Sunday, July 21, 2013

July 21

It would be easy for me to just continue on posting these entries every day without addressing an important truth, but I feel like I need to be straightforward. Some days, it's incredibly hard for me to feel, hear, see or even experience God in even the most rudimentary fashion. Lately, I've felt very spiritually dry; more emotional than usual and honestly, more combative against God Himself. I guess I could boil it down by saying that I'm angry. Over what? A lot of things. But I've come to a place where I know it doesn't help me to be silent and mad, and if me admitting that I feel this way now and then can be helpful to someone else going through a bad spell, then I'm glad to do it.

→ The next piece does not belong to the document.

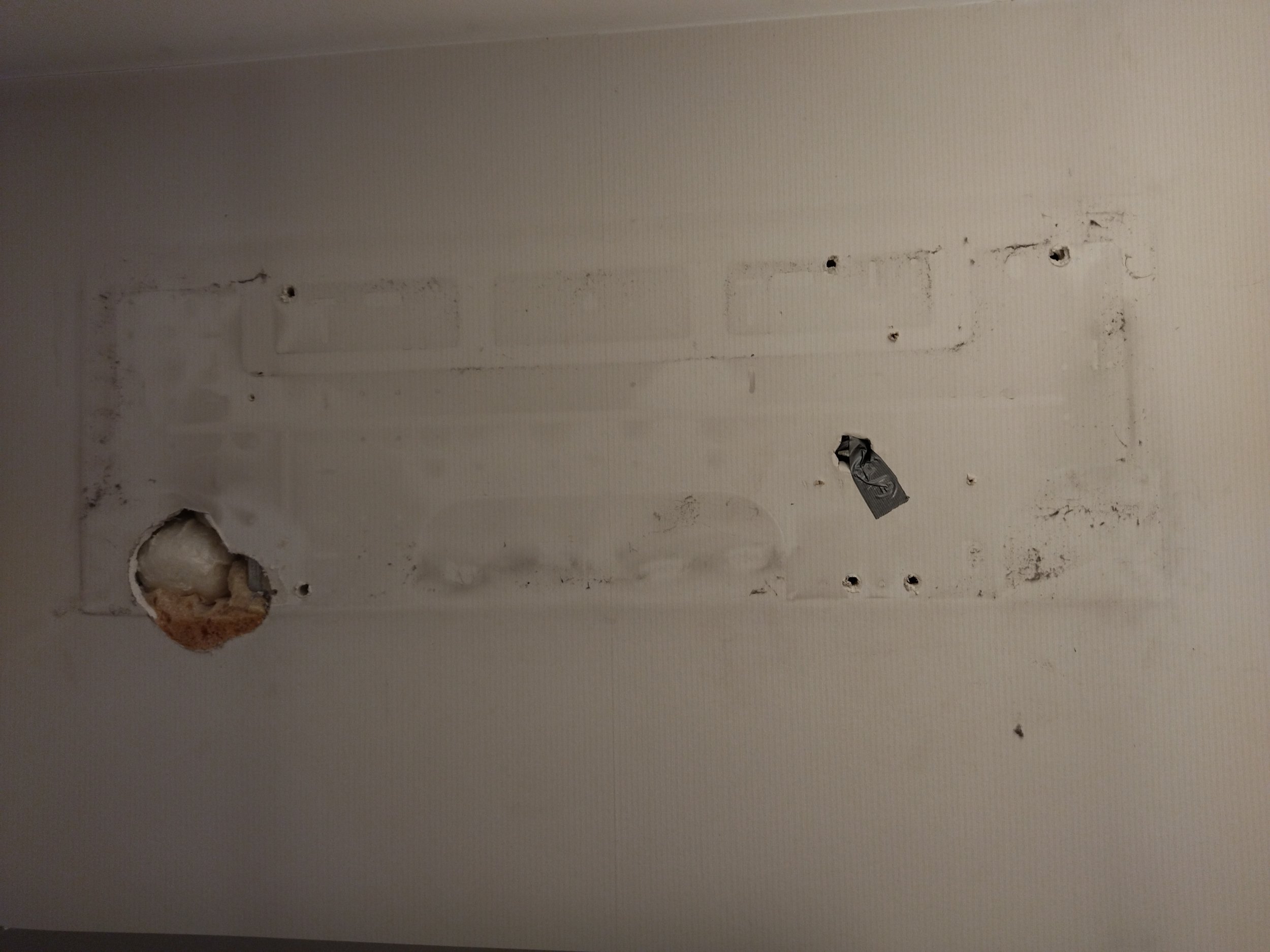 Õhksoojuspumba eemaldamisest seina jäänud aukude parandus, uue tapeedi paigaldamine.

With that said, even when my reserves feel like they're gone and I'm taxed beyond what I feel like I can take, I know I still have to keep looking. And today, this is what I saw:

It is at face value, of course, the Little Boys. But it's more complicated than that. It's a snapshot of them, yes. But they're also sitting on a ginormous pool floatie that Adam's sister gave Isaac at today's family birthday gathering. And the floatie is plunked down on the (granted, kind of disgusting) carpet that I own inside the family room of the house that I own. And Isaac is holding a jug of chocolate milk. So it's not just a picture of two of my kids or a snapshot of my reality, but also a reminder that I have the basics --more than the basics, in fact-- that help me function in this life: family, a home, food and some extras.

Even when I'm angry or frustrated or feeling disconnected, my needs are still being met. It's hard to remember and be truly, sincerely thankful for those things when my heart wishes for so much more --like my Sunshine-- but I'm working on it.